The reply should contain only the lines from the start of the records through the line with "Whilst TUS can", reproduced verbatim and without pictures.

● ● ● ● ●

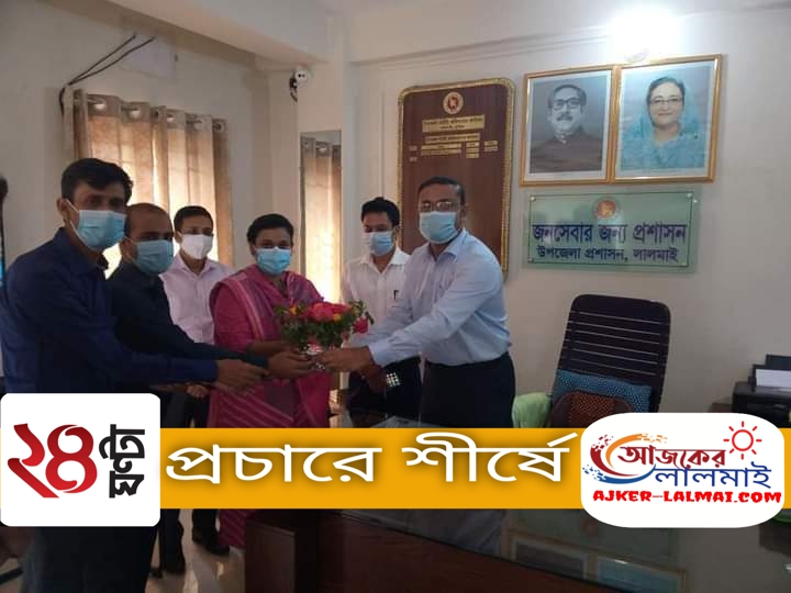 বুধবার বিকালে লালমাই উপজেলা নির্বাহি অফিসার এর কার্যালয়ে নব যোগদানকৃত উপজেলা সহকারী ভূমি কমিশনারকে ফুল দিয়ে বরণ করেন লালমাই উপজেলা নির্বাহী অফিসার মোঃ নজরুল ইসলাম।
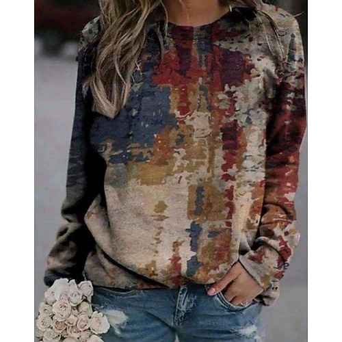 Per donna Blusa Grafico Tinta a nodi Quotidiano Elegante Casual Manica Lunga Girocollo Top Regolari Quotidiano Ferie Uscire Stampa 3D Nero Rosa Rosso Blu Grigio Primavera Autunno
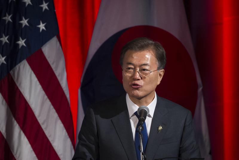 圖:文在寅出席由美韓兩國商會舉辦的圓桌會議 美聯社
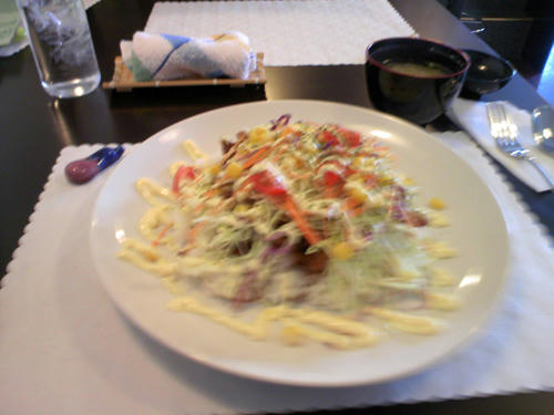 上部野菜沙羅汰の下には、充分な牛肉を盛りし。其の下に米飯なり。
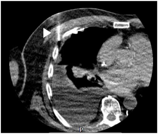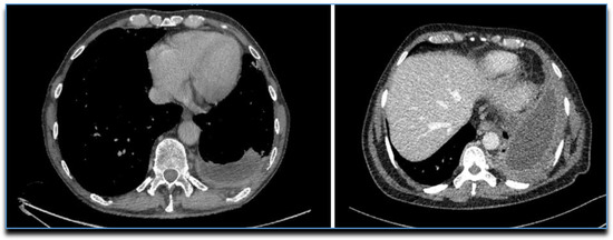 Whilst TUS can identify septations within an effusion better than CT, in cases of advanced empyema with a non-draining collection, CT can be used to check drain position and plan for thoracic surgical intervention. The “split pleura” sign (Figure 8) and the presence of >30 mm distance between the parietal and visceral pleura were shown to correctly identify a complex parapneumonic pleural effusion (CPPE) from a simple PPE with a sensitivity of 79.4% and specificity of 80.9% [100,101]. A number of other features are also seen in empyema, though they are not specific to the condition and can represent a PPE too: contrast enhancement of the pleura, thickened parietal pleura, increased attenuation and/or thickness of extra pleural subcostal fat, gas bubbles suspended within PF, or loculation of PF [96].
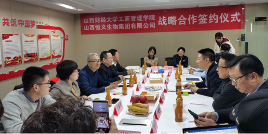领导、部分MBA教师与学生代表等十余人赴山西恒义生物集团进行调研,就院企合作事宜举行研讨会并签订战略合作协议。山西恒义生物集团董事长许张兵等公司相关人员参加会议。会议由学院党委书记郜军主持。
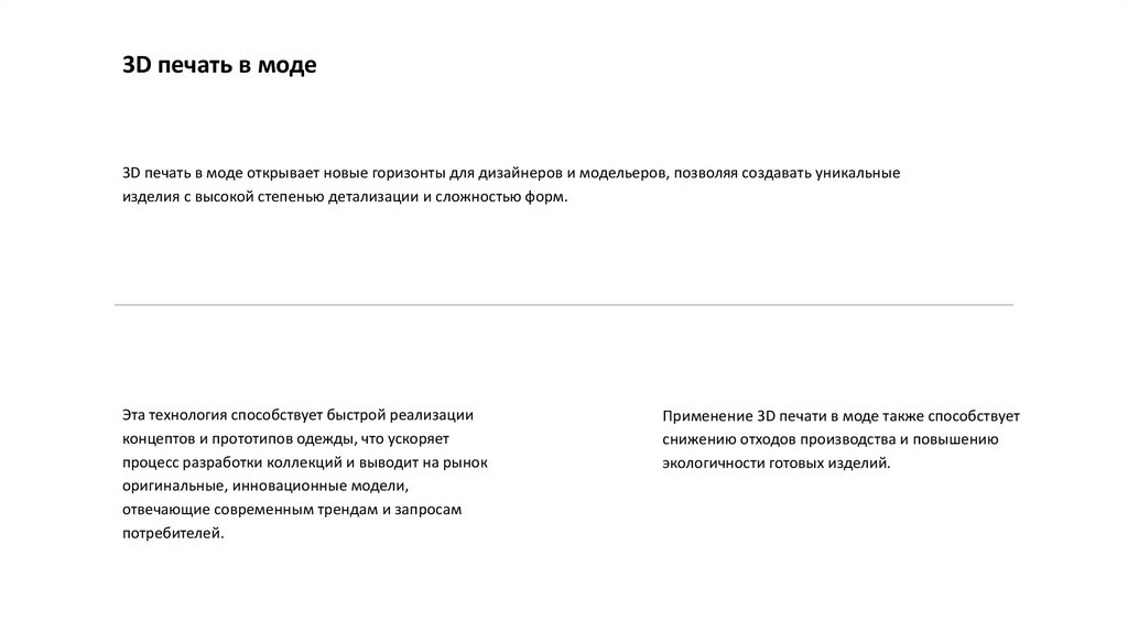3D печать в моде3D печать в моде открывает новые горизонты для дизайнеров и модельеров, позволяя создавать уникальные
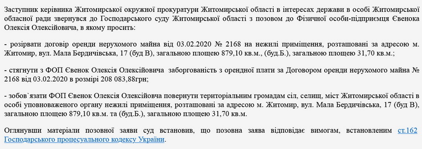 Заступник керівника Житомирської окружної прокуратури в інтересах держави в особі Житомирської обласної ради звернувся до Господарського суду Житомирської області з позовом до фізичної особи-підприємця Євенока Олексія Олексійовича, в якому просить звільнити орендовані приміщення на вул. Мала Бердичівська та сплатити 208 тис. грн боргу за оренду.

● ● ● ● ●

## [Answer to this task]
 বুধবার বিকালে লালমাই উপজেলা নির্বাহি অফিসার এর কার্যালয়ে নব যোগদানকৃত উপজেলা সহকারী ভূমি কমিশনারকে ফুল দিয়ে বরণ করেন লালমাই উপজেলা নির্বাহী অফিসার মোঃ নজরুল ইসলাম।
 Per donna Blusa Grafico Tinta a nodi Quotidiano Elegante Casual Manica Lunga Girocollo Top Regolari Quotidiano Ferie Uscire Stampa 3D Nero Rosa Rosso Blu Grigio Primavera Autunno
 圖:文在寅出席由美韓兩國商會舉辦的圓桌會議 美聯社
 上部野菜沙羅汰の下には、充分な牛肉を盛りし。其の下に米飯なり。
 Whilst TUS can identify septations within an effusion better than CT, in cases of advanced empyema with a non-draining collection, CT can be used to check drain position and plan for thoracic surgical intervention. The “split pleura” sign (Figure 8) and the presence of >30 mm distance between the parietal and visceral pleura were shown to correctly identify a complex parapneumonic pleural effusion (CPPE) from a simple PPE with a sensitivity of 79.4% and specificity of 80.9% [100,101]. A number of other features are also seen in empyema, though they are not specific to the condition and can represent a PPE too: contrast enhancement of the pleura, thickened parietal pleura, increased attenuation and/or thickness of extra pleural subcostal fat, gas bubbles suspended within PF, or loculation of PF [96].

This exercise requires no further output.